▸ **WORK TO BE COMPLETED**: What is needed is an exact copy of the data that follows.
[RECORDS FOR THE EXERCISE Boundary: Start]
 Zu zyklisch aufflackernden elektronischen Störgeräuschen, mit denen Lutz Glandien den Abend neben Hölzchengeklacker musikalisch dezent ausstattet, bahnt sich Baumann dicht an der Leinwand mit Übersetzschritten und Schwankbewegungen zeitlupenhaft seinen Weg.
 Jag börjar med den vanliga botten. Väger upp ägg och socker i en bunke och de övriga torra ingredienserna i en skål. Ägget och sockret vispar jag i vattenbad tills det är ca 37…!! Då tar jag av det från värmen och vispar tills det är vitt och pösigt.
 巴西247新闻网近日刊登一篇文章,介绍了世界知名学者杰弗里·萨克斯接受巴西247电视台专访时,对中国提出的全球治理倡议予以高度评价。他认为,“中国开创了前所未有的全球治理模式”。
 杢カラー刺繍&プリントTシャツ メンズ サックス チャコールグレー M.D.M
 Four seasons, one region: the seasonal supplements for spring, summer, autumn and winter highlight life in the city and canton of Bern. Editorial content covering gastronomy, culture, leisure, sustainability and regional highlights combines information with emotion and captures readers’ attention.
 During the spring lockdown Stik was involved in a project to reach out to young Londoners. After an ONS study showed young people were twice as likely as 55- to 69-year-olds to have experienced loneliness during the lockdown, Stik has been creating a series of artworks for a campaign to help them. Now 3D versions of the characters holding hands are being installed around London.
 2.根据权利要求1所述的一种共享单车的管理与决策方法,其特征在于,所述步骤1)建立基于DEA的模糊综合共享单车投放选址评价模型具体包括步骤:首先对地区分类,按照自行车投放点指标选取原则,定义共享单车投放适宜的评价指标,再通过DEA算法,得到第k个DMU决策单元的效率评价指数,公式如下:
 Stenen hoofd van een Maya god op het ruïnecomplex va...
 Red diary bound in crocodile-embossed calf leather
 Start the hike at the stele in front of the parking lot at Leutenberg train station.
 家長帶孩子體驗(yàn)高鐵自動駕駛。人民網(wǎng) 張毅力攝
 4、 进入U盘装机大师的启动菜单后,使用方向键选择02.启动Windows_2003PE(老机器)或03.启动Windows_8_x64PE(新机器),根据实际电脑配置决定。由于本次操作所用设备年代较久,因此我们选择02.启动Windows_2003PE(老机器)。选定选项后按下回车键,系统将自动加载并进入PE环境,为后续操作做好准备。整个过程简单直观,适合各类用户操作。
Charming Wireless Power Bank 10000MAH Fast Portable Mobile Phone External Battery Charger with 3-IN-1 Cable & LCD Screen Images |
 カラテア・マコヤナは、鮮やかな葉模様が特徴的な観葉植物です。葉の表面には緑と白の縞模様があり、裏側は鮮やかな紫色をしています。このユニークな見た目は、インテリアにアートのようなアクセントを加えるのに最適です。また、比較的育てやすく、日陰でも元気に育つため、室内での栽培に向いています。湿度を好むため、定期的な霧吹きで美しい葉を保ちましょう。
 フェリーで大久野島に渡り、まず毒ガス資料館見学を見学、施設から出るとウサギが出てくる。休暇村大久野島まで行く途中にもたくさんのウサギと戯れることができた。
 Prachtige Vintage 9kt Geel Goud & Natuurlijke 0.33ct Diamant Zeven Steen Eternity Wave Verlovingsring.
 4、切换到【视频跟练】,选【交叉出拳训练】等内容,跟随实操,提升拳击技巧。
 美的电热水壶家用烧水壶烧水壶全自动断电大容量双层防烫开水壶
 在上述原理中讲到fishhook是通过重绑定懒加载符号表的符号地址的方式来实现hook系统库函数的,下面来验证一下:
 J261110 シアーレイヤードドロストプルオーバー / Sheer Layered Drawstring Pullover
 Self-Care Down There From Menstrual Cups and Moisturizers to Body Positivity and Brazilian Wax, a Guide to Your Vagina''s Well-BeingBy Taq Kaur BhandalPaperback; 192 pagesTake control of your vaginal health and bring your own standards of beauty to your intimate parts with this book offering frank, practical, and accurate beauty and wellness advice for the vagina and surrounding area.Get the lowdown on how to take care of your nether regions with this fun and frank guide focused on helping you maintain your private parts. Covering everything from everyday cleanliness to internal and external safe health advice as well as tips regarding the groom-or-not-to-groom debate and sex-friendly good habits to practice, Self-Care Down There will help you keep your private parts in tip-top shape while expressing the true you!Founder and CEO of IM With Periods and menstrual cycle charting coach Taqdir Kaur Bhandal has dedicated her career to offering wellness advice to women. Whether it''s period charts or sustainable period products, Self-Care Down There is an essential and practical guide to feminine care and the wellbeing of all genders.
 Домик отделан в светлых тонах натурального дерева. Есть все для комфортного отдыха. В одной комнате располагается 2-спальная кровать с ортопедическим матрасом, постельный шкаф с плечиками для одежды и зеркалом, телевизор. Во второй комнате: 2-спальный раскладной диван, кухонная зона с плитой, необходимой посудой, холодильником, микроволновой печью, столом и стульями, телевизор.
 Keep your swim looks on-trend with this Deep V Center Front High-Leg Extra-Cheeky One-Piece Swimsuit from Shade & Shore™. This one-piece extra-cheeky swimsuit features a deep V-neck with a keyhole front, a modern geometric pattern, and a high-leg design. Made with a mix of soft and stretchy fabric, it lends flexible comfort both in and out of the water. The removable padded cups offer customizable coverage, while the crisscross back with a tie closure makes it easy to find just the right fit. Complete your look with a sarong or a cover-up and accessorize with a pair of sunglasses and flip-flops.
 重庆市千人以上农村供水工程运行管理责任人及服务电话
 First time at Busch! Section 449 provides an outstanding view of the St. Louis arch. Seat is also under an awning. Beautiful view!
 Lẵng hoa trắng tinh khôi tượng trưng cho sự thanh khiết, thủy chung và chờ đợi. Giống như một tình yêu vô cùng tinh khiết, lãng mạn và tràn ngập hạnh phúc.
[RECORDS FOR THE EXERCISE Boundary: End]
▸ **FINAL ANSWER**:
 Zu zyklisch aufflackernden elektronischen Störgeräuschen, mit denen Lutz Glandien den Abend neben Hölzchengeklacker musikalisch dezent ausstattet, bahnt sich Baumann dicht an der Leinwand mit Übersetzschritten und Schwankbewegungen zeitlupenhaft seinen Weg.
 Jag börjar med den vanliga botten. Väger upp ägg och socker i en bunke och de övriga torra ingredienserna i en skål. Ägget och sockret vispar jag i vattenbad tills det är ca 37…!! Då tar jag av det från värmen och vispar tills det är vitt och pösigt.
 巴西247新闻网近日刊登一篇文章,介绍了世界知名学者杰弗里·萨克斯接受巴西247电视台专访时,对中国提出的全球治理倡议予以高度评价。他认为,“中国开创了前所未有的全球治理模式”。
 杢カラー刺繍&プリントTシャツ メンズ サックス チャコールグレー M.D.M
 Four seasons, one region: the seasonal supplements for spring, summer, autumn and winter highlight life in the city and canton of Bern. Editorial content covering gastronomy, culture, leisure, sustainability and regional highlights combines information with emotion and captures readers’ attention.
 During the spring lockdown Stik was involved in a project to reach out to young Londoners. After an ONS study showed young people were twice as likely as 55- to 69-year-olds to have experienced loneliness during the lockdown, Stik has been creating a series of artworks for a campaign to help them. Now 3D versions of the characters holding hands are being installed around London.
 2.根据权利要求1所述的一种共享单车的管理与决策方法,其特征在于,所述步骤1)建立基于DEA的模糊综合共享单车投放选址评价模型具体包括步骤:首先对地区分类,按照自行车投放点指标选取原则,定义共享单车投放适宜的评价指标,再通过DEA算法,得到第k个DMU决策单元的效率评价指数,公式如下:
 Stenen hoofd van een Maya god op het ruïnecomplex va...
 Red diary bound in crocodile-embossed calf leather
 Start the hike at the stele in front of the parking lot at Leutenberg train station.
 家長帶孩子體驗(yàn)高鐵自動駕駛。人民網(wǎng) 張毅力攝
 4、 进入U盘装机大师的启动菜单后,使用方向键选择02.启动Windows_2003PE(老机器)或03.启动Windows_8_x64PE(新机器),根据实际电脑配置决定。由于本次操作所用设备年代较久,因此我们选择02.启动Windows_2003PE(老机器)。选定选项后按下回车键,系统将自动加载并进入PE环境,为后续操作做好准备。整个过程简单直观,适合各类用户操作。
Charming Wireless Power Bank 10000MAH Fast Portable Mobile Phone External Battery Charger with 3-IN-1 Cable & LCD Screen Images |
 カラテア・マコヤナは、鮮やかな葉模様が特徴的な観葉植物です。葉の表面には緑と白の縞模様があり、裏側は鮮やかな紫色をしています。このユニークな見た目は、インテリアにアートのようなアクセントを加えるのに最適です。また、比較的育てやすく、日陰でも元気に育つため、室内での栽培に向いています。湿度を好むため、定期的な霧吹きで美しい葉を保ちましょう。
 フェリーで大久野島に渡り、まず毒ガス資料館見学を見学、施設から出るとウサギが出てくる。休暇村大久野島まで行く途中にもたくさんのウサギと戯れることができた。
 Prachtige Vintage 9kt Geel Goud & Natuurlijke 0.33ct Diamant Zeven Steen Eternity Wave Verlovingsring.
 4、切换到【视频跟练】,选【交叉出拳训练】等内容,跟随实操,提升拳击技巧。
 美的电热水壶家用烧水壶烧水壶全自动断电大容量双层防烫开水壶
 在上述原理中讲到fishhook是通过重绑定懒加载符号表的符号地址的方式来实现hook系统库函数的,下面来验证一下:
 J261110 シアーレイヤードドロストプルオーバー / Sheer Layered Drawstring Pullover
 Self-Care Down There From Menstrual Cups and Moisturizers to Body Positivity and Brazilian Wax, a Guide to Your Vagina''s Well-BeingBy Taq Kaur BhandalPaperback; 192 pagesTake control of your vaginal health and bring your own standards of beauty to your intimate parts with this book offering frank, practical, and accurate beauty and wellness advice for the vagina and surrounding area.Get the lowdown on how to take care of your nether regions with this fun and frank guide focused on helping you maintain your private parts. Covering everything from everyday cleanliness to internal and external safe health advice as well as tips regarding the groom-or-not-to-groom debate and sex-friendly good habits to practice, Self-Care Down There will help you keep your private parts in tip-top shape while expressing the true you!Founder and CEO of IM With Periods and menstrual cycle charting coach Taqdir Kaur Bhandal has dedicated her career to offering wellness advice to women. Whether it''s period charts or sustainable period products, Self-Care Down There is an essential and practical guide to feminine care and the wellbeing of all genders.
 Домик отделан в светлых тонах натурального дерева. Есть все для комфортного отдыха. В одной комнате располагается 2-спальная кровать с ортопедическим матрасом, постельный шкаф с плечиками для одежды и зеркалом, телевизор. Во второй комнате: 2-спальный раскладной диван, кухонная зона с плитой, необходимой посудой, холодильником, микроволновой печью, столом и стульями, телевизор.
 Keep your swim looks on-trend with this Deep V Center Front High-Leg Extra-Cheeky One-Piece Swimsuit from Shade & Shore™. This one-piece extra-cheeky swimsuit features a deep V-neck with a keyhole front, a modern geometric pattern, and a high-leg design. Made with a mix of soft and stretchy fabric, it lends flexible comfort both in and out of the water. The removable padded cups offer customizable coverage, while the crisscross back with a tie closure makes it easy to find just the right fit. Complete your look with a sarong or a cover-up and accessorize with a pair of sunglasses and flip-flops.
 重庆市千人以上农村供水工程运行管理责任人及服务电话
 First time at Busch! Section 449 provides an outstanding view of the St. Louis arch. Seat is also under an awning. Beautiful view!
 Lẵng hoa trắng tinh khôi tượng trưng cho sự thanh khiết, thủy chung và chờ đợi. Giống như một tình yêu vô cùng tinh khiết, lãng mạn và tràn ngập hạnh phúc.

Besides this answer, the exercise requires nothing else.